THE PROBLEM =
What you need to produce from the material below is an exact transcription of the lines from the one with "4月19日晚,由beat36" through the one with "Withlacoochee River Electric", both included, and no other line.

DATASET CONTENT =
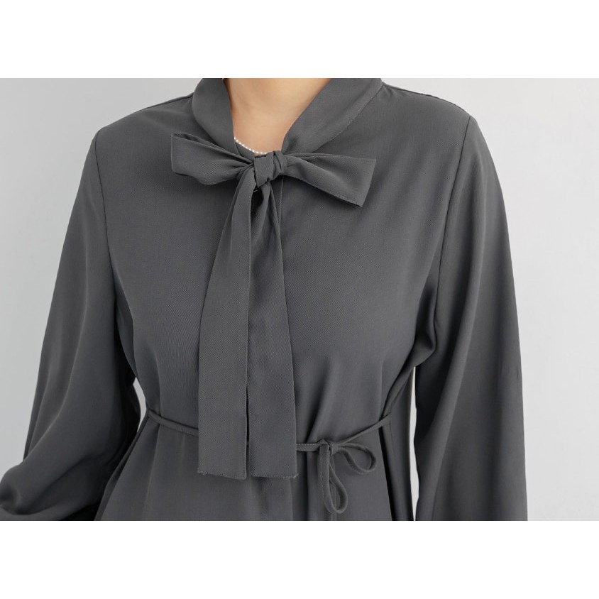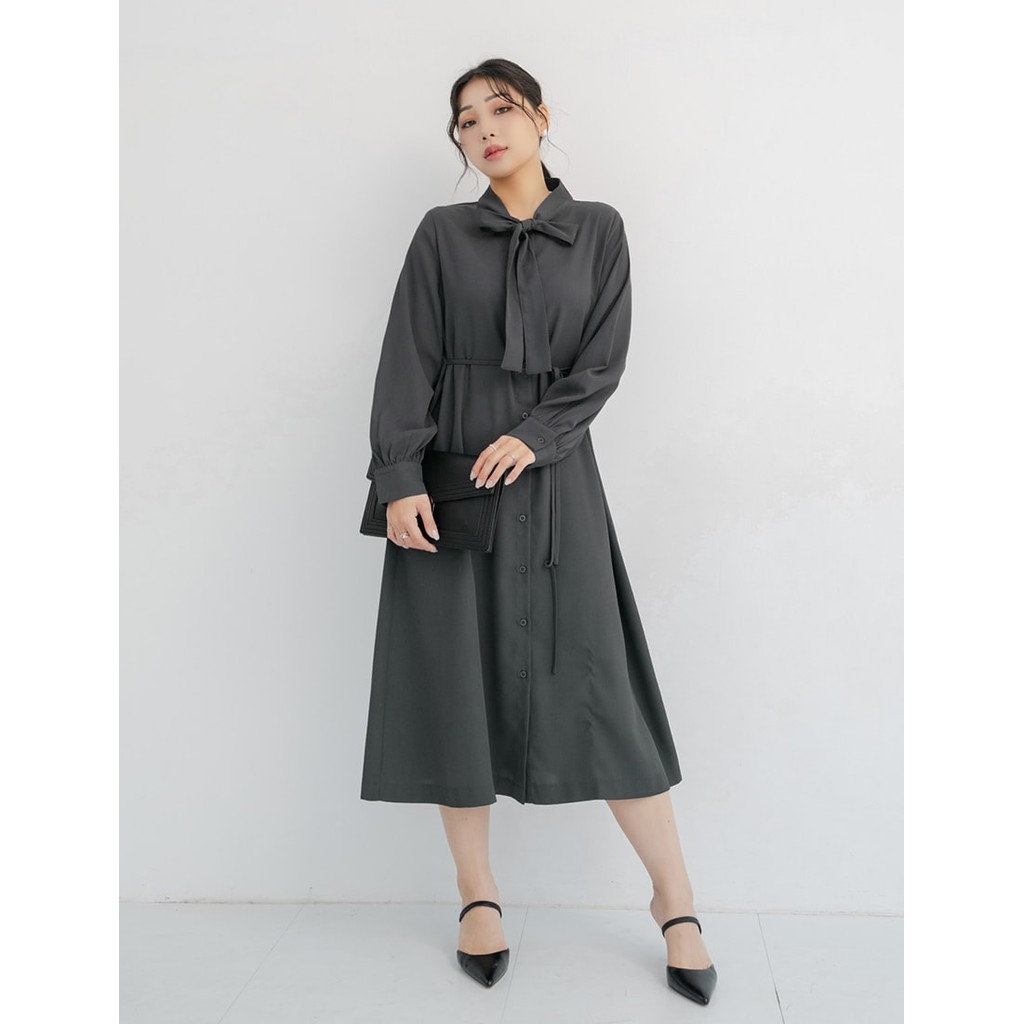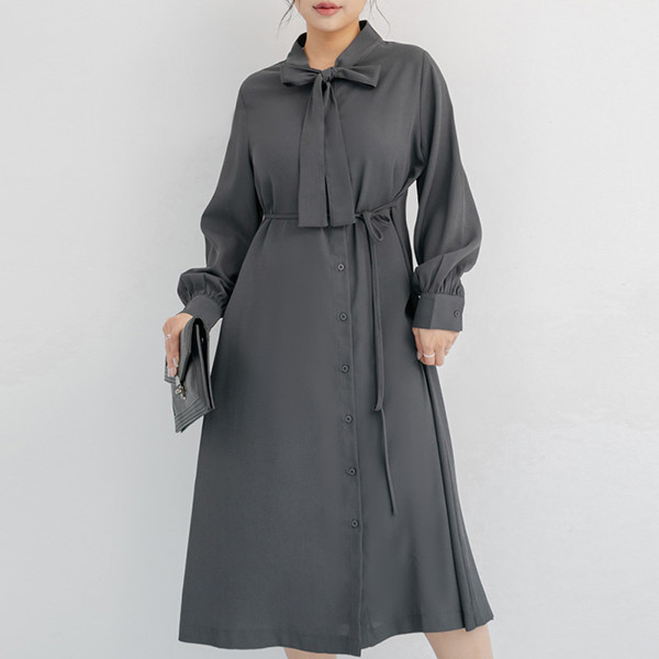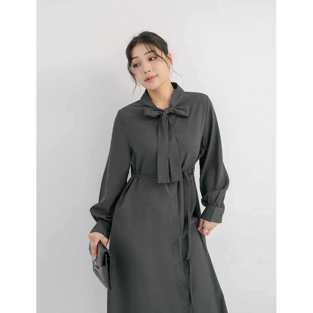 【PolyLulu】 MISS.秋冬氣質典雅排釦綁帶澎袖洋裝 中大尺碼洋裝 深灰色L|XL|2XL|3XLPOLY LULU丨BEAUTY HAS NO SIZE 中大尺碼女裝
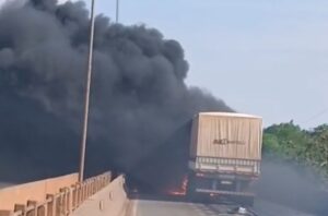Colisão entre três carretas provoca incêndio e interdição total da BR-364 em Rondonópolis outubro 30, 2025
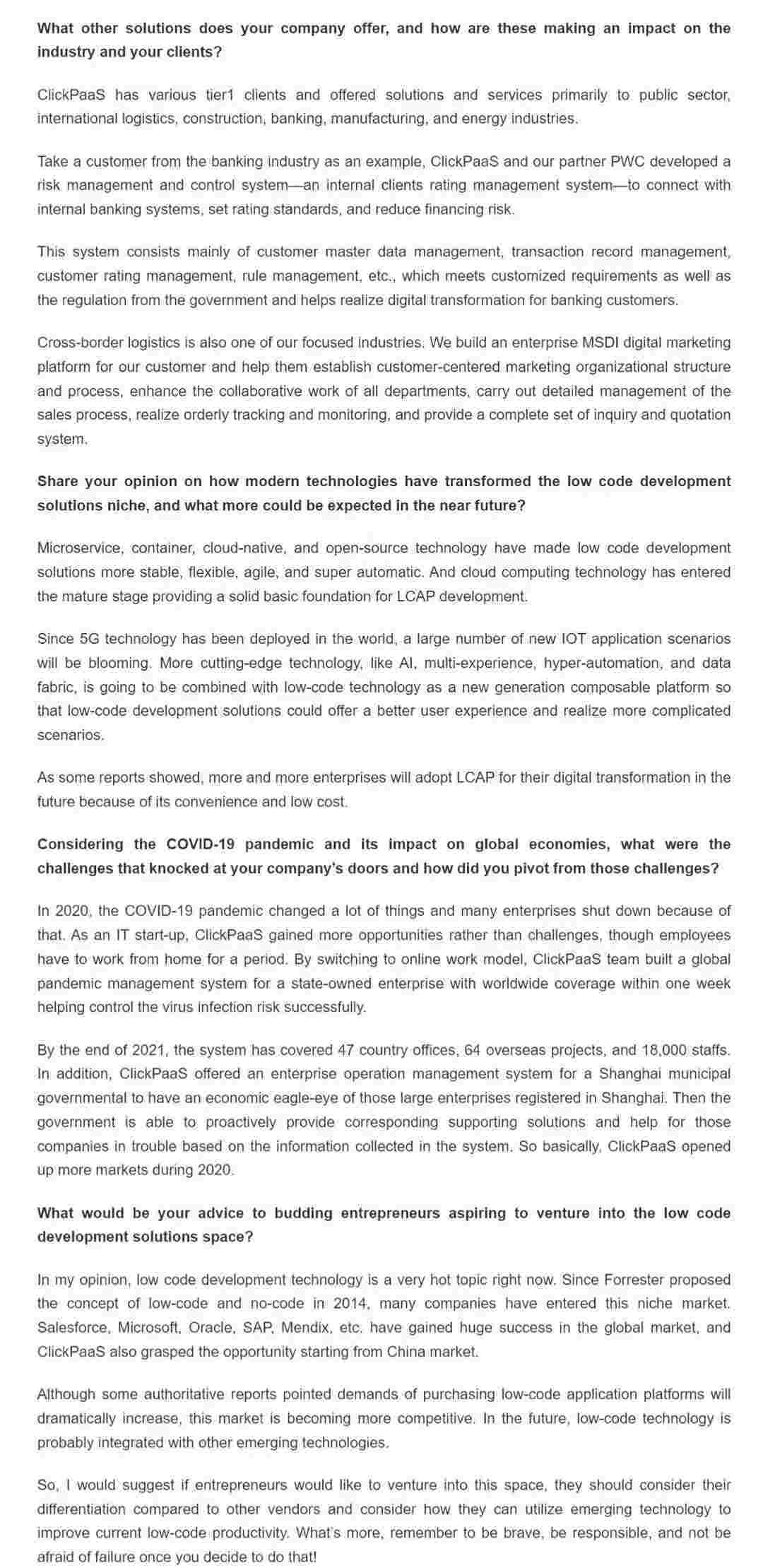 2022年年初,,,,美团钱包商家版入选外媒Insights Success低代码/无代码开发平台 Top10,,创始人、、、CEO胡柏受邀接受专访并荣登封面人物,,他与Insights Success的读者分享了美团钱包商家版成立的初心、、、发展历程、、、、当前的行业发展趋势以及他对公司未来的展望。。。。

* * *

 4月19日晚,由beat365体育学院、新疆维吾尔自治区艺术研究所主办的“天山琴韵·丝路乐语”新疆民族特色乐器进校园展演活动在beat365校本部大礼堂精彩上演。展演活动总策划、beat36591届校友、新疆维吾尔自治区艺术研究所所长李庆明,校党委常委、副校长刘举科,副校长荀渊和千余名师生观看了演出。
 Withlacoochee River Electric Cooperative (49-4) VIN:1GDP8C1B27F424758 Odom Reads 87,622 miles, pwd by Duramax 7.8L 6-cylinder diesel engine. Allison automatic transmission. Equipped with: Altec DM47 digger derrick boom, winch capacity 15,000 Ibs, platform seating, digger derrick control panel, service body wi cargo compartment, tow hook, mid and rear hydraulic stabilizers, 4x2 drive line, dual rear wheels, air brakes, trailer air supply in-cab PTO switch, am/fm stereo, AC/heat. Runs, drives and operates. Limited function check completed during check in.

RESULT FOR THIS TASK =
 4月19日晚,由beat365体育学院、新疆维吾尔自治区艺术研究所主办的“天山琴韵·丝路乐语”新疆民族特色乐器进校园展演活动在beat365校本部大礼堂精彩上演。展演活动总策划、beat36591届校友、新疆维吾尔自治区艺术研究所所长李庆明,校党委常委、副校长刘举科,副校长荀渊和千余名师生观看了演出。
 Withlacoochee River Electric Cooperative (49-4) VIN:1GDP8C1B27F424758 Odom Reads 87,622 miles, pwd by Duramax 7.8L 6-cylinder diesel engine. Allison automatic transmission. Equipped with: Altec DM47 digger derrick boom, winch capacity 15,000 Ibs, platform seating, digger derrick control panel, service body wi cargo compartment, tow hook, mid and rear hydraulic stabilizers, 4x2 drive line, dual rear wheels, air brakes, trailer air supply in-cab PTO switch, am/fm stereo, AC/heat. Runs, drives and operates. Limited function check completed during check in.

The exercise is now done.